As a member of the supporting cast, Winter appreciates those who can handle the problems associated with having their names, as Hollywood would put it, above the title. "With every young player, when there's a lot of pressure and you're in the press all the time, it's very difficult to remain yourself. Rony is a big star, the biggest since Maradona and Van Basten, but he's always himself. I'd understand it if he sometimes got uptight about those things, because every day, every day, it doesn't matter which newspaper, which TV programme, which sponsor, a lot of people want something from him. Maybe sometimes he gets a little bit tired about those things. But he's very calm and he's got a good manager who protects him very well, so that he's going on a straight way."

Against the Netherlands in July, Ronaldo had been close to his best, constantly embarrassing Frank de Boer, Jaap Stam and Philip Cocu, and scoring a brilliant opening goal 16 seconds into the second half. Yet five days later he become invisible. "To this day," Winter said, "I don't know what happened. He played great against us, at a time when we were completely convinced that we were going to win the World Cup. So I was certainly surprised when I saw what happened to him in the final." Had they spoken about that when the Internazionale players reconvened at the start of the season? "No, he spoke with the doctor and the trainer. They're his private problems. I couldn't tell you exactly what happened."

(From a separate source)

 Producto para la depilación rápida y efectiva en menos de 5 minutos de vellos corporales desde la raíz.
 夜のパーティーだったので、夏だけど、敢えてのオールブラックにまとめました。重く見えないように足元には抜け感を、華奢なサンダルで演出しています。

HE RISES from the stretcher and tries his weight on the injured leg. Gesturing to Djorkaeff, he accepts the ball from a short free-kick and blasts it angrily over the Roma bar. Pulling his right stocking over the knee-cap, as if to coddle it, he walks thoughtfully back to the half-way line.

Until that moment Ronaldo has threatened to devastate the visitors' defence every time the ball is near him. But now he is moving with less alacrity, refusing to challenge his marker for high balls. Early in the second half he misses a fine chance to equalise Paulo Sergio's strike for Roma when he stabs a shot weakly wide after being put through by Baggio, who has been on the field less than a minute.

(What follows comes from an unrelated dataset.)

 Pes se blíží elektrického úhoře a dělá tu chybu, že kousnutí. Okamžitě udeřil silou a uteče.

"The worst is over," Ronaldo had announced before the Roma match. "I'm feeling strong again. The goal in Udine gave me a lot of joy. It gave me back the confidence that I need so much, because I've been going through a period of self-doubt as a result of the injury. Now I'm not afraid any more. I'm no longer worried that I might need surgery. Dr Volpi [the club doctor] told me that it wouldn't be an easy thing to treat, but that I wasn't to worry. He promised me that I wouldn't need an operation and he was right. I calmed down after he took me to a specialist in France who confirmed the diagnosis. As for next year, I'm just hoping to get back to 100 per cent, and then we'll see. After what I've been through I just want to play, and to win, and to score goals."

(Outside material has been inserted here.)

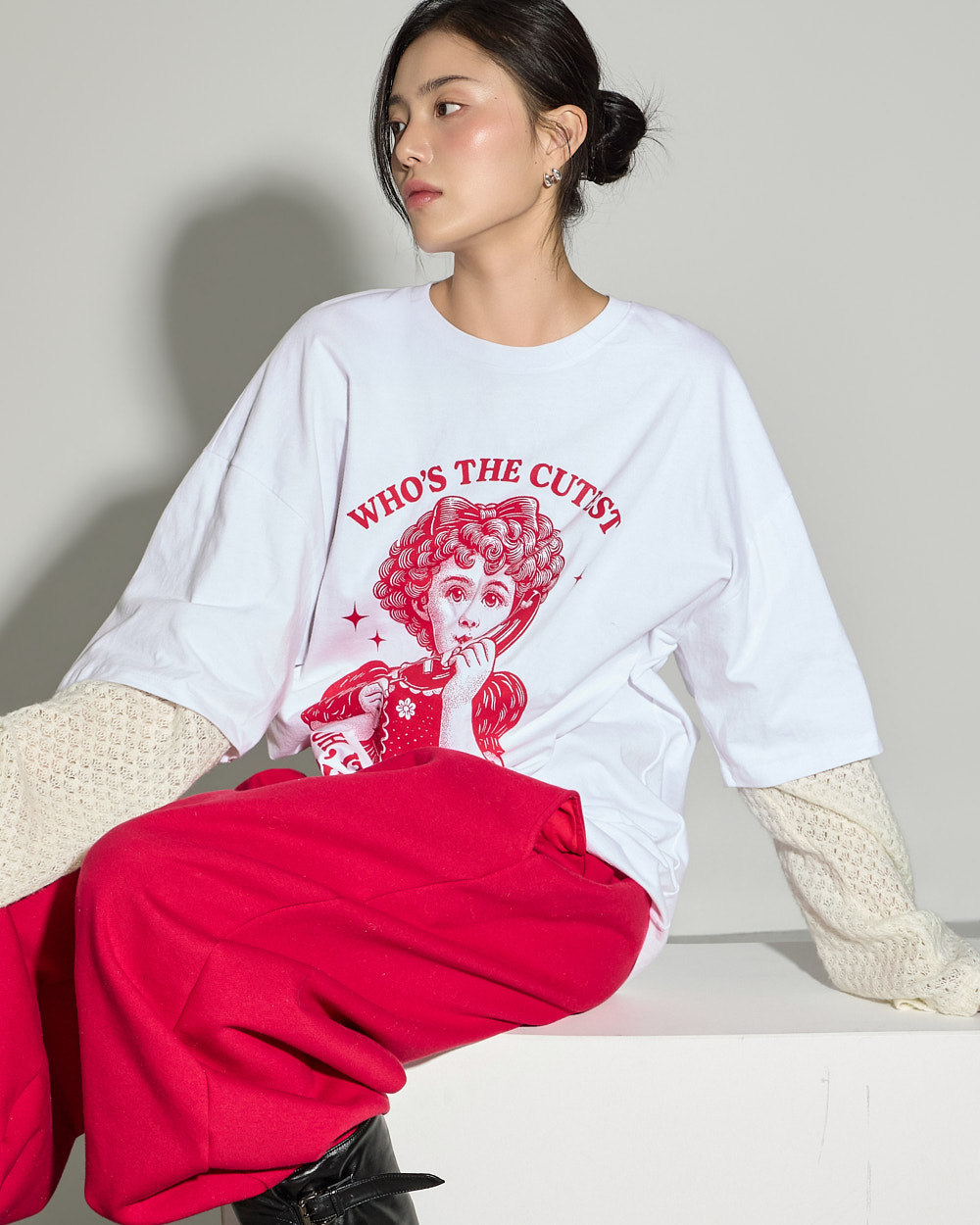 前侧印花细节与袖部蕾丝叠层设计相融合,

Baggio's arrival is the catalyst for an Internazionale spree of four goals in half an hour, their task eased by the expulsion of Petruzzi, given a second yellow card for tripping the substitute with the scores level at 1-1. Three minutes later Zamorano puts the home side ahead, allowing Lucescu to remove Ronaldo from the action while the rest of the team finish the job of sending the supporters off for the two-week break in a good mood, their team having vaulted over Roma to take fourth place in the table, and looking forward to the European Cup meetings with Manchester United in March.

As Ronaldo leaves the pitch and walks straight out through the San Siro tunnel to the dressing room, his departure looks like a precaution. It turns out he has a plane to catch. By the time Lucescu emerges to give his thoughts on the victory, Ronaldo is on his way home to Rio for a week's intensive physiotherapy with Nilton Petroni.

"I see 1998 as a positive year, even though it's been a difficult one," he had said at La Pinetina, "I didn't win the Italian championship, the World Cup, or the Ballon d'Or. But I'm feeling better all the time. The knee trouble has almost completely gone and now it's reduced to just a little irritation. Nothing serious."

The year of learning how to suffer may be over. But for the world's most visible 22-year-old, the year of repaying faith, hope and investment is about to begin.